Question

Two pipes A and B can fill a cistern in $12$ minutes and $15$ minutes respectively while a third pipe C can empty the full tank in $6$ minutes. A and B kept open for $5$ minutes in the beginning and then C was also opened. In what time is the cistern emptied?
A) $30\min $
B) $33\min $
C) $37\dfrac{1}{2}\min $
D) \[45\]min

Answer 1

Hint: First, we shall note down the given information so that it will be easy for us to solve. It is given that two pipes A and B can fill a cistern in $12$ minutes and $15$ minutes. Also, it is given that the third pipe C can empty the full tank in $6$ minutes. Now, A and B are kept open for $5$ minutes in the beginning and then C is also opened. We are asked at what time the cistern is emptied.
In this question, first, we need to find the part filled by pipe A in one minute. Similarly, we need to find the part filled by pipe B in one minute. Also, we need to calculate the part emptied by pipe C in one minute. And then, we can calculate the part emptied when all pipes are opened in one minute. Then, we can calculate the part emptied by pipes A and B.

Complete step by step answer:
From the given two pipes A and B can fill a cistern in $12$ minutes and $15$ minutes.
First, we need to find the part filled by pipe A in one minute.
The part filled by pipe A in one minute $ = \dfrac{1}{{12}}$
 Similarly, the part filled by pipe B in one minute$ = \dfrac{1}{{15}}$
The part filled in $5$ minutes by both pipes$ = 5 \times \left( {\dfrac{1}{{12}} + \dfrac{1}{{15}}} \right)$
$ = 5 \times \dfrac{9}{{60}}$
$
   = \dfrac{9}{{12}} \\
   = \dfrac{3}{4} \\
 $
Since the third pipe C can empty the full tank in$6$minutes, we get,
The part emptied by pipe C in one minute$ = \dfrac{1}{6}$
The part emptied when all pipes are opened in one minute\[ = \dfrac{1}{6} - \left( {\dfrac{1}{{12}} + \dfrac{1}{{15}}} \right)\]
$ = \dfrac{1}{6} - \dfrac{9}{{60}}$
$ = \dfrac{1}{{60}}$
Hence, $\dfrac{1}{{60}}$ part is emptied in one minute.
One part is emptied in $60$ minutes.
Hence, $\dfrac{3}{4}$ the part can be emptied by pipes A and B in $\dfrac{3}{4} \times 60$$ = 45$minutes.

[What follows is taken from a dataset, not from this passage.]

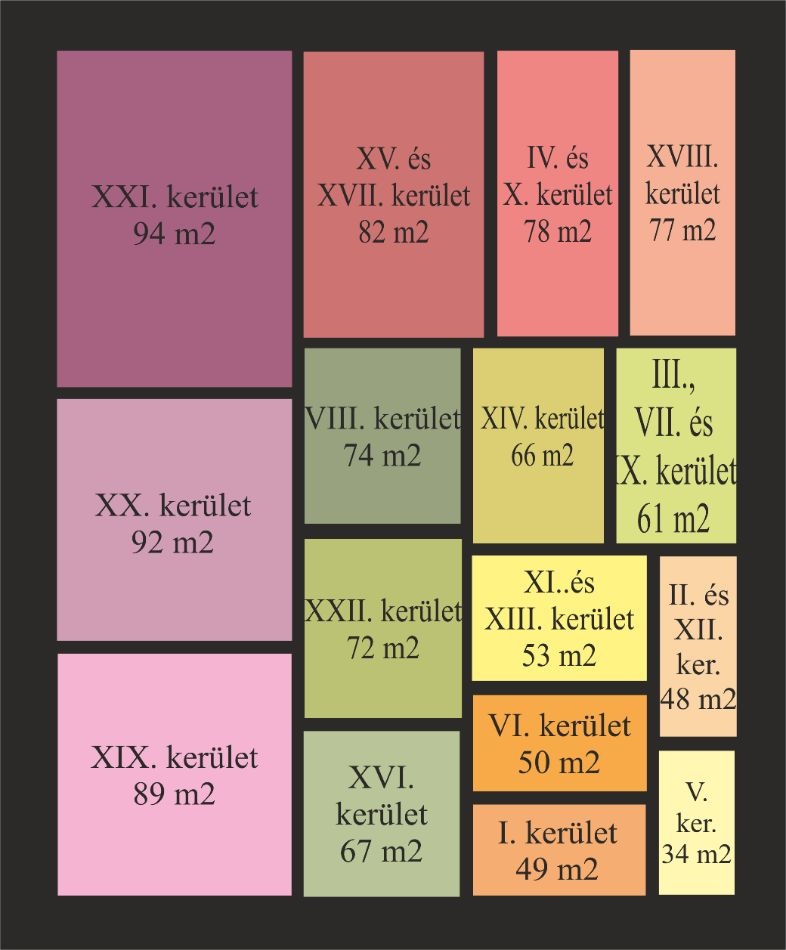 Nem meglepő, hogy a külső városrészekben lehet ugyanakkora összegből a legnagyobb méretű lakást vásárolni, hiszen ott a legalacsonyabbak a négyzetméterárak. A belvárosban és a központi budai kerületekben sokkal kisebb lakásokat lehet ezért a pénzért kapni. Csaknem háromszoros a méretbeli különbség a legolcsóbb (XXI. kerület) és a legdrágább (V. kerület) között. Előbbiben 94, utóbbiban csupán 34 négyzetméteres ingatlan vásárolható.

So, the correct answer is “Option D”.

Note: First, we need to find the part filled by pipe A in one minute. Similarly, we need to find the part filled by pipe B in one minute. Also, we need to calculate the part emptied by pipe C in one minute. And then, we can calculate the part emptied when all pipes are opened in one minute. Then, we can calculate the part emptied by pipes A and B.